The following are summary points to remember from this review article on left ventricular assist devices (LVADs) for lifelong support:

1. Patients not in cardiogenic shock at the time of LVAD implant enjoy survival that is competitive with heart transplantation out to about 2 years.
2. There are five clinical profiles for LVAD patients. These include: a) normal resting hemodynamics (central venous pressure [CVP] 3-12 mm Hg, pulmonary capillary wedge pressure [PCWP] 8-18 mm Hg); b) right HF (elevated CVP, normal PCWP); c) biventricular failure/fluid overload (elevated CVP and PCWP); d) left HF (normal CVP, elevated PCWP); and e) hypovolemia (low CVP and PCWP). Only 40-60% of patients had “normal” hemodynamics (CVP <12 mm Hg and PCWP <18 mm Hg) at their set speed.
3. Current clinical guidelines support the use of an echocardiographic ramp test to set pump speed. The HeartMate II has a linear relationship between pump speed and LV end-diastolic diameter (LVEDD) at all speeds. In contrast, the HVAD seems to provide minimal unloading until the aortic valve is closed, after which there is rapid unloading. Changes in LV and right ventricular (RV) shape may differ between devices due to the effects of pump position. Specifically, the subdiaphragmatic position of the HeartMate II pulls the apex inferiorly, while the intrapericardial position of the HVAD pushes the apex upwards. These tensile effects may directly alter LV shape, independent of those from augmented unloading at faster speeds, particularly at the base of the heart where LVEDD is measured. Investigations into such geometric differences are ongoing, and their clinical effects are uncertain.
4. Adverse events (AEs) associated with LVADs can be classified into three broad categories: a) Those intrinsic to the pump and its constituents (pump malfunction, controller faults, driveline faults, and short-to-shield malfunctions), b) those that are solely patient-related, and develop due to the liability of the native heart (arrhythmias, valvular insufficiency, and RV failure), and c) those that arise due to the pump-patient interface (acquired von Willebrand’s disease, infection, stroke, and pump thrombosis). The most common AEs within the first year of pump implant are, in declining frequency, bleeding, infection, arrhythmia, respiratory failure, and stroke. One-year survival free of any major AEs is only 30%.
   • RV failure, defined as the need for prolonged inotropic support or the temporary use of an RV assist device (RVAD), occurs in 10-40% of LVAD implants, and can lead to longer hospital length of stay and a higher risk of perioperative death. Late-onset RV failure, occurring months after implant, has emerged as a new clinical challenge, one that is just as difficult to treat and associated with poor survival and quality of life. Those individuals with poor RV hemodynamics (RV stroke work index <250 mm Hg · ml/m², CVP/PCW >0.63, or pulmonary artery pulsatility index <2.0) or echocardiographic evidence of severe RV dysfunction (severe RV enlargement, poor tricuspid plane excursion, reduced peak longitudinal strain) are likely to need prolonged inotropes or an RVAD, and may not be the best candidates for a lifelong LVAD.
   • Bleeding in continuous-flow LVAD patients is associated with development of acquired von Willebrand’s disease, similar to that seen in Heyde syndrome. The shear forces in the blood created by the impeller results in large multimeric forms of von Willebrand factor to unfurl, exposing them to cleavage by the serine protease ADAMTS-13. The resultant von Willebrand factor particles are too small to adhere to sites of vascular trauma or to bind platelets.
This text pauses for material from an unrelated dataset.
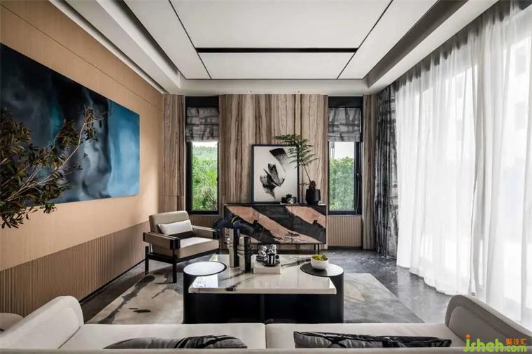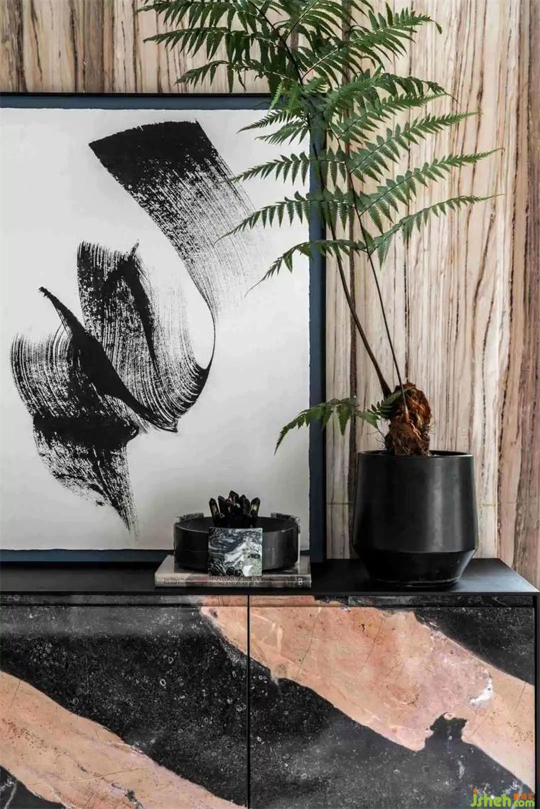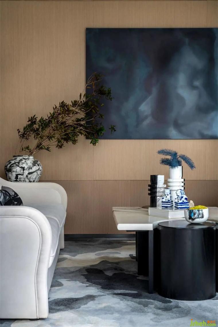 以皮革沙發(fā)、窗簾為畫布,以大理石桌面為畫布,樣板房設(shè)計(jì)以光潔地面與舒適地毯為畫布,以各類陶瓷為畫布,以實(shí)際畫布為畫布,形狀各異、材質(zhì)不盡相同,潑墨、灑墨、點(diǎn)墨……或輕或重,肆意而游刃有余。

The resultant coagulopathy aggravates bleeding from arteriovenous malformations that arise in the mucosal surfaces of the nose and gastrointestinal track.
   • Device-related infections (DLIs) are associated with an increased rate of rehospitalization and mortality. Infection is now recognized as a leading cause of late mortality, usually the result of sepsis, with estimated prevalence of 8% and 18% at 6 and 12 months, respectively, following DLI diagnosis.
   • Stroke: Thromboembolic and hemorrhagic strokes occur with an incidence of 0.19 events per patient-year, but, in general, the former is more common and the latter is more likely to be disabling or fatal. A number of risk factors increase stroke risk such as atrial fibrillation, female sex, hemolysis, and bloodstream infection. Bleeding that necessitates the temporary cessation of anticoagulation is associated with increased thromboembolic stroke risk, even though the average time interval between these two events in the same patient can be as long as 4 months.
   • Pump thrombosis: More recent INTERMACS analyses have concluded that the thrombosis rate is 10%, from a peak of 12.3% in 2012. No single specific cause has been identified to explain the jump in thrombosis rates from the 4-6% observed in clinical trials. Factors implicated include surgical and medical management decisions intentioned to minimize AEs, particularly bleeding, but which may have resulted in unintended consequences. The recent reduction in rates of pump thrombosis are probably due to the readoption of unfractionated heparin in the early post-implant phase, a targeted INR of 2-3, the avoidance of low pump speeds, and the creation of an adequately deep pump pocket to avoid acute angulation of the inflow cannula. Incorporating these practices may explain the low incidence of early (<3 months) pump thrombosis reported by the PREVENT (Prevention of HeartMate II Pump Thrombosis) investigators. Their reported 2.9% occurrence of confirmed pump thrombosis compares favorably well with a historical average of 8.4%, and was achieved without a concomitant increase in other AEs.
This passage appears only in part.